Saturday, January 10, 2026
Salon A (Hilton Chicago)
Andrew Edmondson, University of Chicago
In 1825, King Charles X of France imposed on Haiti, by royal ordinance, an indemnity payment of 150 million francs in exchange for recognizing the infant nation’s independence. Current historiography focuses on the indemnity’s basis in colonial and racial hierarchies, its imperial extension of property rights and international law, and its deleterious effects on future Haitian governance. Jurists have meanwhile articulated potential avenues for reparations or lawsuits under the current standard of public international law. Amidst this, not enough has been made of the decade of legislative debates preceding the ordinance, in which the logistics and rationale of imposing an indemnity were contested, nor of the flurry of grievances, complaints, and justifications that emerged after King Charles’ unilateral declaration.

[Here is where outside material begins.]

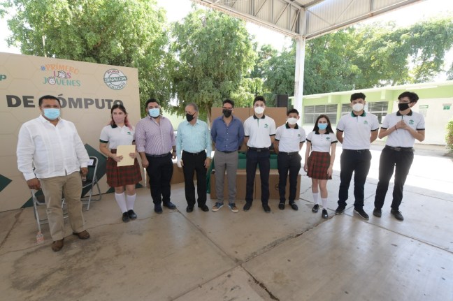 En el plantel Conalep “José Antonio Padilla Segura Culiacán II”, el titular de SEPyC estuvo acompañado por Melchor Angulo Castro, director general, así como por el director del plantel Marcos Muñoz, y la alumna Valentina Leyva, que habló a nombre de los beneficiados.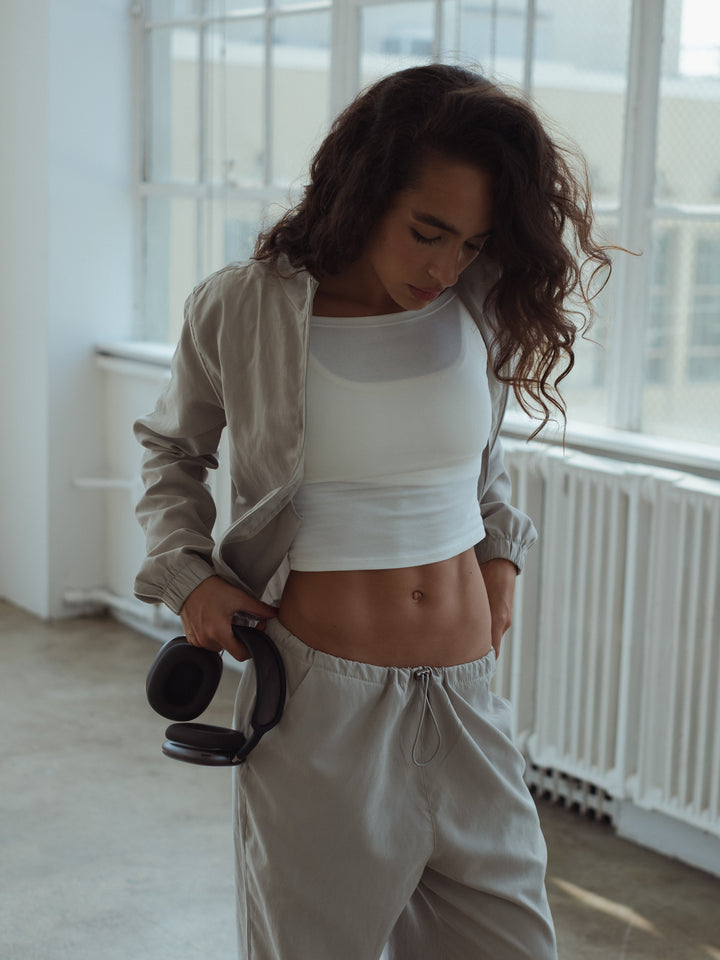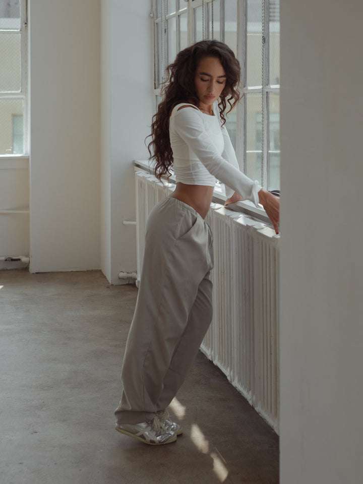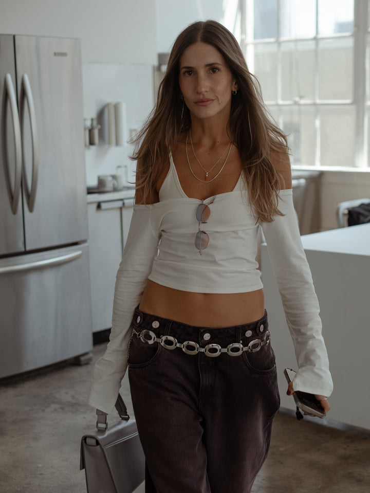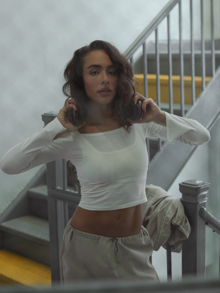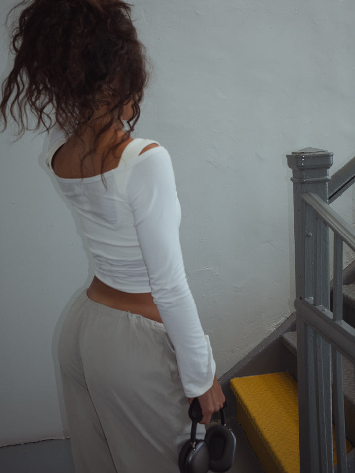 Your new go-to top! New ecru crop top. Designed with neck tray and long sleeves with openings on the cuffs. Perfect to make your looks different. It goes great with our jeans and pants.

This poster analyzes French legislative debates from roughly 1814 to 1827 regarding the imposition of an independence debt on Haiti, attempting to embed them within larger legal debates that the indemnity forced to the point of crisis. For instance, the unilateral nature of King Charles’ ordinance raised again the topic, repeatedly broached and dropped over the past decade, of whether the Charter of 1814 granted the King the ability to cede French territory without legislative approval. Because of the Charter’s wording, this threatened the classical distinction between the domain of the crown and the territory of France, also raising awkward questions about whether colonies were exterior enough from the French core to be subject only to political, not civil, law, and whether the droit des gens, the law of nations, could be applied in colonial contexts. Even more debated than the indemnity itself was how the finances of Haiti’s former colonists, for whom the indemnity was intended, should be handled. With many of them having taken out huge debts from French creditors before the revolution, questions arose of whether the colonists or their creditors should receive the indemnity, whether the colonists should have their debts reduced or waived in light of extraordinary political circumstances, and who had the power to waive these debts and thereby abrogate private law.

In treating these topics, this poster highlights the centrality of colonial relations to the development of international law. It argues that the unprecedented legal statuses that the Haitian Revolution engendered, statuses brought to a crisis point by the imposition of the indemnity, forced a contentious extension of longstanding legal categories, creating meaningful precedents in international and French constitutional law. It also gestures at some afterlives of these developments, although the focus is on the debates themselves. The poster’s main content is split into two sections—issues of jurisdiction and creditors vs. debtors—broad categories under which the aforementioned legal issues fall. Each issue will be covered by a depiction of the controversy, a brief review of the development of the debate, and a summary of the eventual consensus reached, with a focus on similarities across issues. It also includes, at the top, an abbreviated abstract and pertinent historical information, as well as several salient pictures throughout.